- [THE DATA]
....

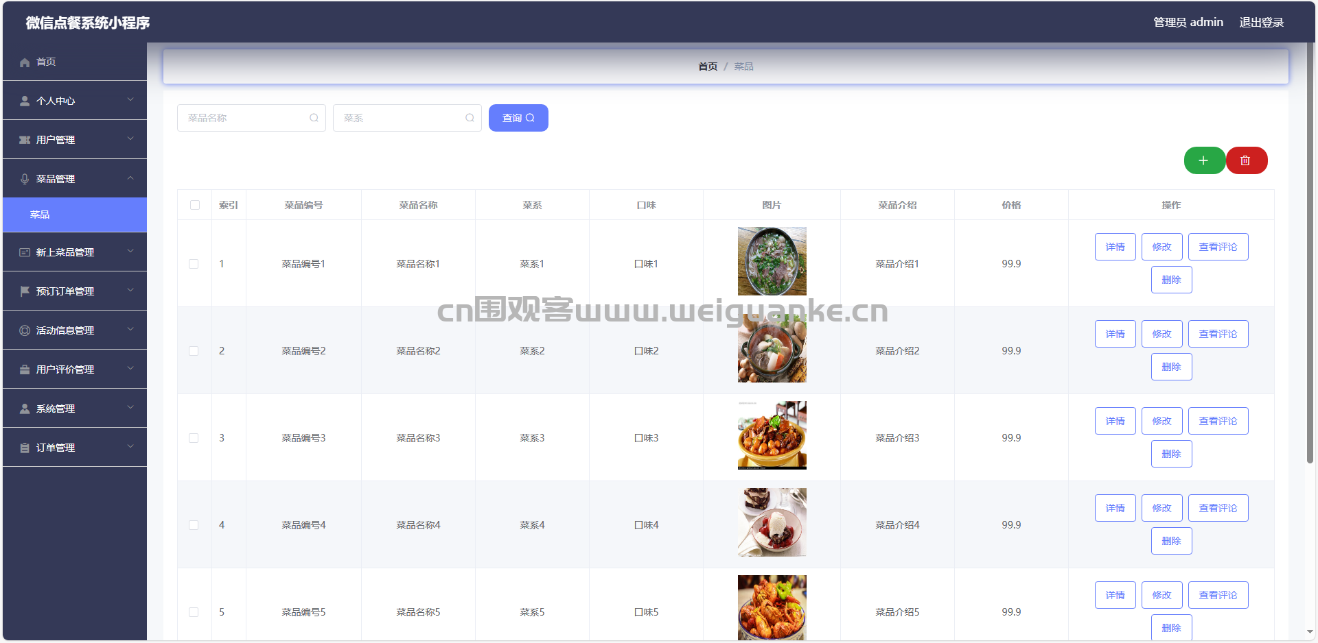 4.菜品管理:查看、新增、编辑、删除菜品信息和评论信息
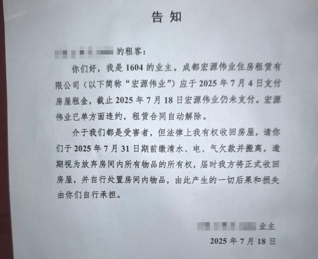 在“《住房租赁条例》遏制行业乱象”系列报道①中,消费质量报对成都宏源伟业住房租赁有限公司(以下简称宏源伟业)爆雷事件进行了追踪报道。在该事件中,权益受到损害的不仅有众多租客,不少房东也损失惨重。
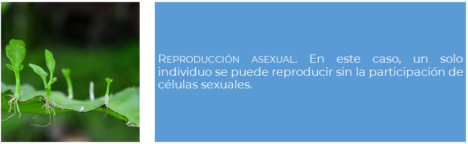 Al sembrar el tallo de un geranio, malvón o clavel en condiciones adecuadas, crece una nueva planta. Muchas plantas pueden reproducirse por medio de los tallos, hojas y raíces, en este tipo de reproducción no hay unión de las células sexuales masculinas con las femeninas, por eso se le llama reproducción asexual.
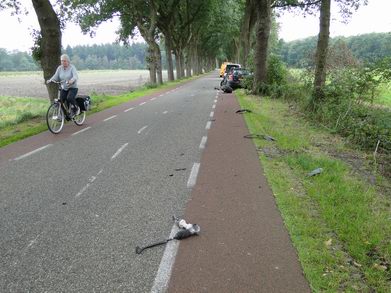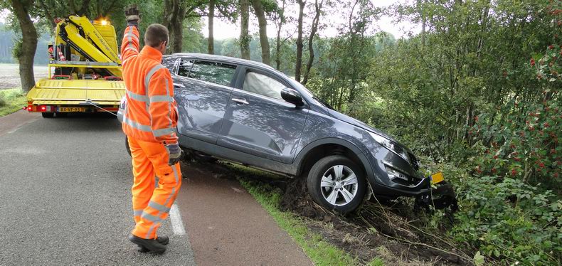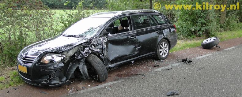 | Dinsdagmiddag heeft zich een zware frontale aanrijding voorgedaan op het Eursinge in de gelijknamige buurtschap in de gemeente De Wolden. Twe personenauto's kwamen op de smalle weg met de linker voorzijde elkaar in botsing , waardoor beide voertuigen stuurloos werden. Een grijze Kia Sportage verloor het linker voorwiel en kwam na de crash op zijn linkerkant in de droge bermsloot tot stilstand. De bestuurder bleef ongedeerd. De inzittenden van de andere auto -een zwarte Toyota Avensis- zijn voor nader onderzoek per ambulance naar een ziekenhuis overgebracht. |

....

- [TASK DESCRIPTION]
Only lines belong in the copy: transcribe those from the start of the data through the line that contains "Al sembrar el", and skip the pictures.

- [EXERCISE SOLUTION]
 4.菜品管理:查看、新增、编辑、删除菜品信息和评论信息
 在“《住房租赁条例》遏制行业乱象”系列报道①中,消费质量报对成都宏源伟业住房租赁有限公司(以下简称宏源伟业)爆雷事件进行了追踪报道。在该事件中,权益受到损害的不仅有众多租客,不少房东也损失惨重。
 Al sembrar el tallo de un geranio, malvón o clavel en condiciones adecuadas, crece una nueva planta. Muchas plantas pueden reproducirse por medio de los tallos, hojas y raíces, en este tipo de reproducción no hay unión de las células sexuales masculinas con las femeninas, por eso se le llama reproducción asexual.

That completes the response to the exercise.